The all-time-high revenue results were propelled by continued growth in the total number of cable revenue generating units (RGUs) in the EU, according to the European Broadband Cable Yearbook offered by Regional RGUs increased by about one million in 2018 to reach an annual high of 121.7 million, up from 120.6 million in 2017. The majority of the RGU growth originated from the broadband sector, where consumers are continuing to add subscriptions to cable internet services.
Measured in terms of subscriptions, RGUs for cable internet service amounted to 38 million in 2018, up from 37.1 million in 2017. This growth helped drive the increase in overall EU RGUs for the year.
Internet RGU growth outperformed the other services offered by cable providers in the region. EU subscriptions to cable TV declined by 275,000 in 2018.
EU cable TV service subscribers, which increased for the first time in nine years in 2017, declined in 2018, falling by 275,000 homes to 55 million,.
Digital cable subscribers continued to rise in the region, increasing by four million to reach 45.2 million in 2018, as operators successfully converted significant numbers of subscribers from analogue TV to higher-value digital services.
Based on the power of bundled services, EU cable operators have grown total ARPUs by €9 over 10 years by selling more services.
Europeans still receive their pay TV via cable more than any other technology, despite the tough competitive environment.
Presenting the stats at Cable Congress, Maria Rua Aguete, executive director of media, service providers and platforms for IHS Markit | Technology, said that online channels are dominating video subscription growth in the US, with virtual pay TV failing to compensate for traditional pay TV’s decline. Pay TV subscribers in the US typically also take OTT TV services and use their traditional provider to access these services. Price is the main reason why US cable subscribers decided to churn.
In the rest of the world, however, pay TV has been more or less stable. Cable and satellite remain the main players, she said. Despite the lead of OTT in overall global subscription numbers, revenues remain dominated by traditional pay TV.
The picture in terms of cable TV additions and losses varies widely between European countries. Cable internet has also faced challenges, with fibre and telecom operators providing stiff competition, said Rua Aguete
Subscription TV is still rising, even if most of the additions come from online video services. Netflix accounts for 49% of all online subscriptions, followed by Amaxon with 20%.
The European cable market now has two main players – Vodafone and Liberty Global with 34% and 22% of the market respectively in terms of subscribers, she said. Other major players include RCS&RDS, Altice France and Tele Columbus.

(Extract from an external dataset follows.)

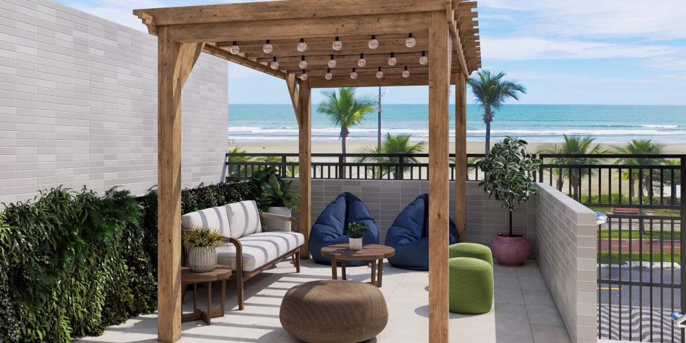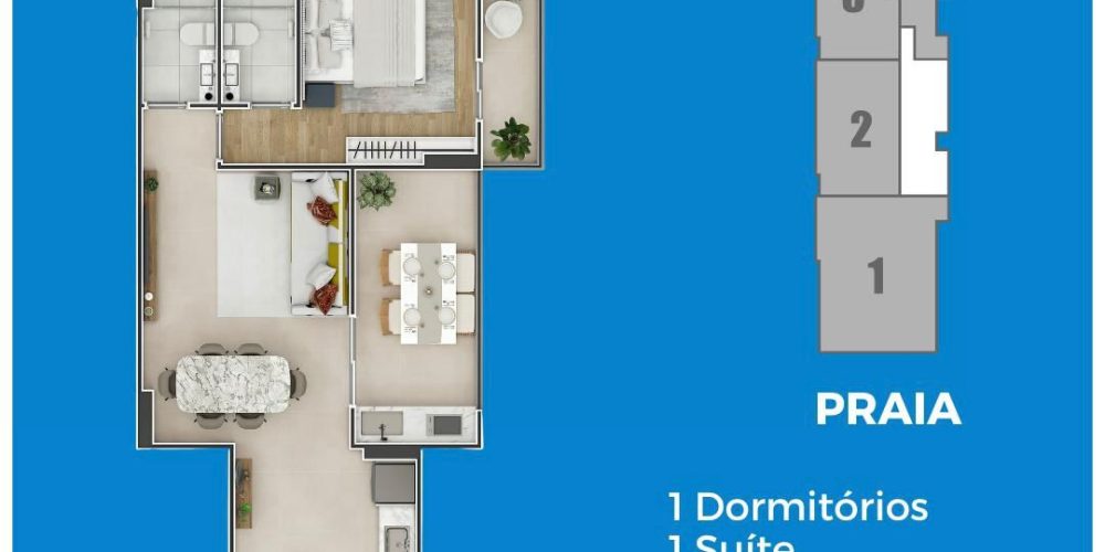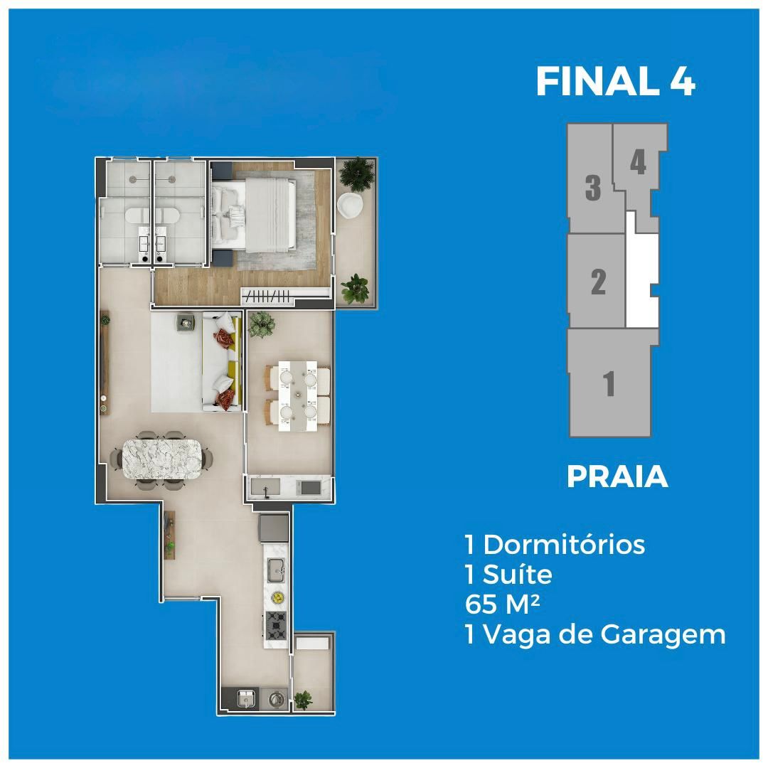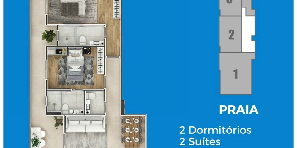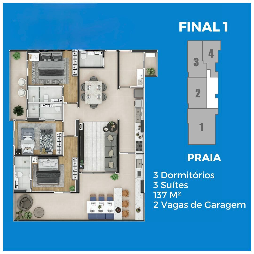 Empreendimento Frente Mar com apartamentos de 1, 2 e 3 dormitórios, de 65 a 136 m², com 1 ou 2 vagas de garagem.

Rua Aguete also said that Spain is the European leader in next-generation broadband access, coming after only South Korea globally. Some 50 European operators of all types meanwhile provide converged fixed and mobile services and a growing number of operators are launching 5G services.
Cable has also led partnerships with online video providers, particularly Netflix. “Cable has been the pioneer in this type of partnership,” said Rua Aguete.
Alternative routes for receiving premium TV are also on the rise. The market for smart TVs and smart speakers has expanded rapidly over the last year, the latter by 254%, while the smartphone market has grown modestly and the market for digital media adapters for TV has declined.
DTVE: the week in view – Ligue 1’s Mediapro drama shows that sports rights are anything but straightforward… twitter.com/i/web/status/1…
29 November 2020 @ 20:00:01 UTC
Join us for the next DTVE Digital Symposium session on 10 December at 10.00am GMT "Reap the benefits from a shared… twitter.com/i/web/status/1…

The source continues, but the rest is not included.